Eurobites: Subsea Boost for Ireland

Also in today's EMEA regional roundup: Stirling gets the gigabit treatment; Kudelski unit sues NFL; T-Mobile Netherlands' new CEO; Viaccess-Orca acquires BigHill.

  • Ireland's burgeoning data center industry is set for a boost with the signing of a deal between Ireland-France Subsea Cable and Tiger Infrastructure for the financing and construction of what they describe as the first and only direct subsea cable between Ireland and France. IDC-1, as the cable system is called, will run from Dublin to Paris, providing PoP-to-PoP connectivity and enabling long digital line segments. Financial details of the agreement were not disclosed.

  • Stirling, located just north of Edinburgh and Glasgow, has become the latest Scottish city to get the gigabit treatment, courtesy of altnet CityFibre . Construction will begin in June, with the first phase expected to take 14 months. Initially the pure fiber network will connect more than 30 public sector sites, including schools, libraries, offices and community facilities, but the plan ultimately is to offer gigabit-speed services to the city's 3,000 or so businesses as well. (See CityFibre Aims High in BT Battle.)

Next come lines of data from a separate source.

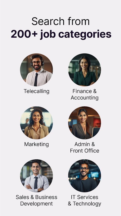 Изучите вакансии по отраслям: Ищите различные вакансии в сфере продаж и маркетинга, ввода данных, BPO, HR, IT, финансов и многих других офисных профессий.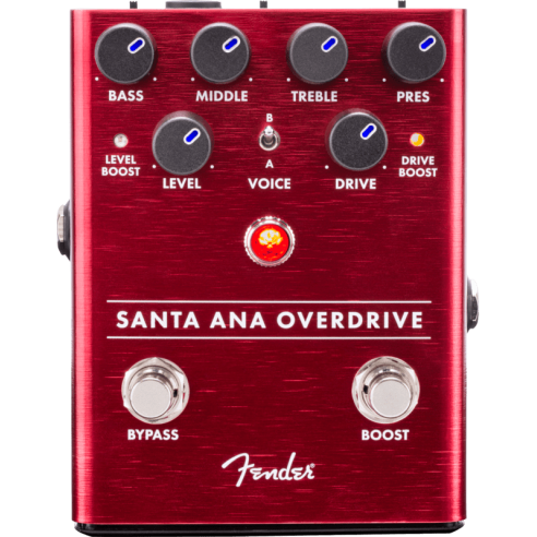 FENDER SANTA ANA OVERDRIVE è un effetto Overdrive a pedale per chitarra con tecnologia FET per emulazione valvolare, manopole retroilluminate a LED, equalizzatore a 3 bande Bass/Middle/Treble, controlli Pres/Level/Drive, switch per la selezione di 2 timbri di Overdrive A/B e LED di attivazione per Level Boost e Drive Boost. Presenza switch sul retro per attivazione della retroilluminazione LED sulle manopole On/Off, switch di selezione Bypass True/Buffered e switch di selezione funzione Level/Drive. Funziona con batteria da 9V o con alimentatore esterno (non incluso).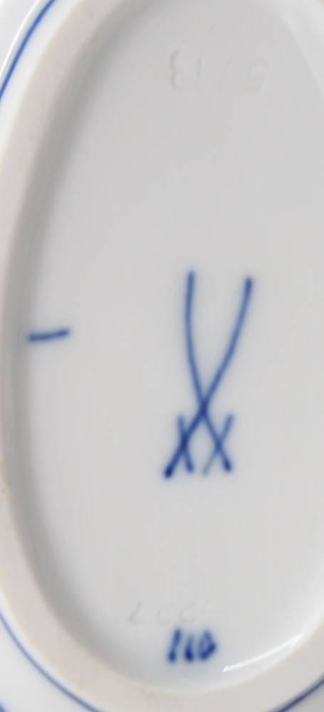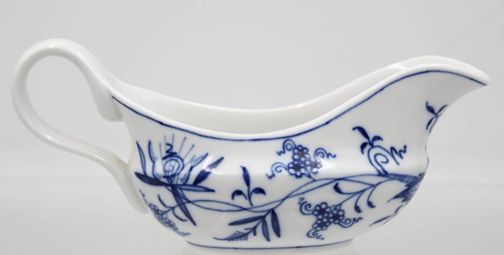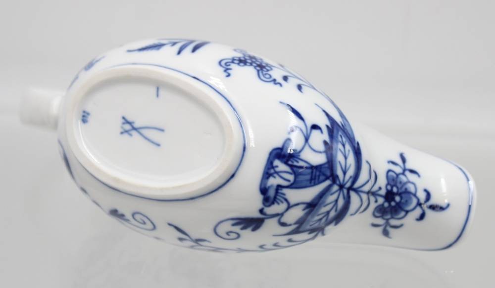 kl. Sauciere, Meissen, Zwiebelmuster, 1. Wahl, H-8,2cm B-19cm [1]

  • OpenTV, part of the Switzerland-based Kudelski Group , has filed a patent infringement suit against NFL Enterprises, alleging that seven US patents owned by OpenTV have been infringed by interactive video content platforms available on NFL.com and other NFL services.

  • T-Mobile Netherlands has a new CEO, in the shape of Søren Abildgaard, who arrives at the Deutsche Telekom's Dutch outpost from Sweden's Telia Company , where he was chief commercial officer. Abildgaard replaces Martin Knauer, who returns to his position as director of consumer business at the operator.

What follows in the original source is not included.